Entries shown START

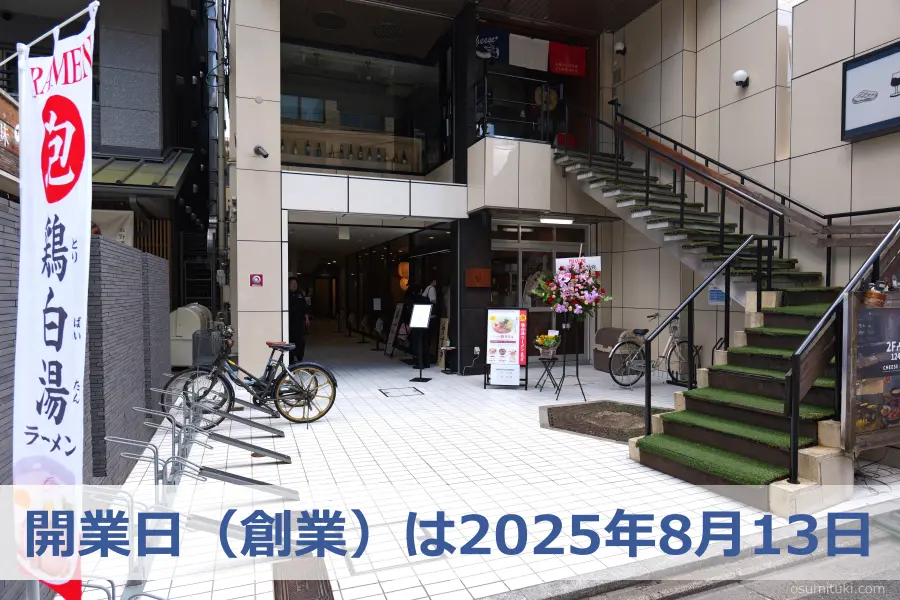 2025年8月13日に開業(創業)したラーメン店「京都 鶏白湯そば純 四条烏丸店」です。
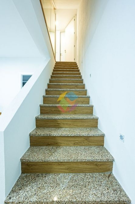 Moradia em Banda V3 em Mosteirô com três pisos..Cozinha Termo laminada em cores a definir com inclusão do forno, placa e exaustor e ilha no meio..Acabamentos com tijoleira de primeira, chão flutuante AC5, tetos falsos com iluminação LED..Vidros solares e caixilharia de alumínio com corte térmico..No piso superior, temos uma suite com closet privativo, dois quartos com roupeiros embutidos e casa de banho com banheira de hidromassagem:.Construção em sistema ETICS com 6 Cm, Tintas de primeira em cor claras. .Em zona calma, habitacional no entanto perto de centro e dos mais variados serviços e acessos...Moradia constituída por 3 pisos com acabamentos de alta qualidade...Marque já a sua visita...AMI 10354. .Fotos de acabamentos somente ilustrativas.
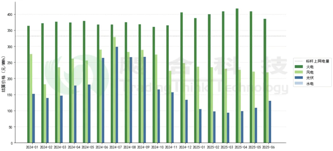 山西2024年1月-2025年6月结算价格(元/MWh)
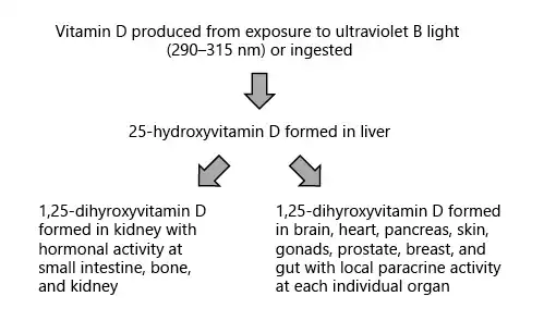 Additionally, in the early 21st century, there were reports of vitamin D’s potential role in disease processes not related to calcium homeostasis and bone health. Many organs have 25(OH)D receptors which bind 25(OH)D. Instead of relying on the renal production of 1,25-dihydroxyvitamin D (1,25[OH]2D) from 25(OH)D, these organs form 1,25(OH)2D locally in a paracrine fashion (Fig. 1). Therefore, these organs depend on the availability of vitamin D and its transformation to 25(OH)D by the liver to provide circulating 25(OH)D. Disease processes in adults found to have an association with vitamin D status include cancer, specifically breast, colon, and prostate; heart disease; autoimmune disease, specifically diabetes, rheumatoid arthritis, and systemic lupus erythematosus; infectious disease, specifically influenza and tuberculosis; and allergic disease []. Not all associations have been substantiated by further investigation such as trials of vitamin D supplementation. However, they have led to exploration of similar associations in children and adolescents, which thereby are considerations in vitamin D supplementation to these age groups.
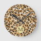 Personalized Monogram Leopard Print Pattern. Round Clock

Entries shown END

Retype exactly the lines from the one containing "山西2024年1月-2025年6月结算价格(元/MWh)" through the last line of the records above, both included, and leave out any pictures.

 山西2024年1月-2025年6月结算价格(元/MWh)
 Additionally, in the early 21st century, there were reports of vitamin D’s potential role in disease processes not related to calcium homeostasis and bone health. Many organs have 25(OH)D receptors which bind 25(OH)D. Instead of relying on the renal production of 1,25-dihydroxyvitamin D (1,25[OH]2D) from 25(OH)D, these organs form 1,25(OH)2D locally in a paracrine fashion (Fig. 1). Therefore, these organs depend on the availability of vitamin D and its transformation to 25(OH)D by the liver to provide circulating 25(OH)D. Disease processes in adults found to have an association with vitamin D status include cancer, specifically breast, colon, and prostate; heart disease; autoimmune disease, specifically diabetes, rheumatoid arthritis, and systemic lupus erythematosus; infectious disease, specifically influenza and tuberculosis; and allergic disease []. Not all associations have been substantiated by further investigation such as trials of vitamin D supplementation. However, they have led to exploration of similar associations in children and adolescents, which thereby are considerations in vitamin D supplementation to these age groups.
 Personalized Monogram Leopard Print Pattern. Round Clock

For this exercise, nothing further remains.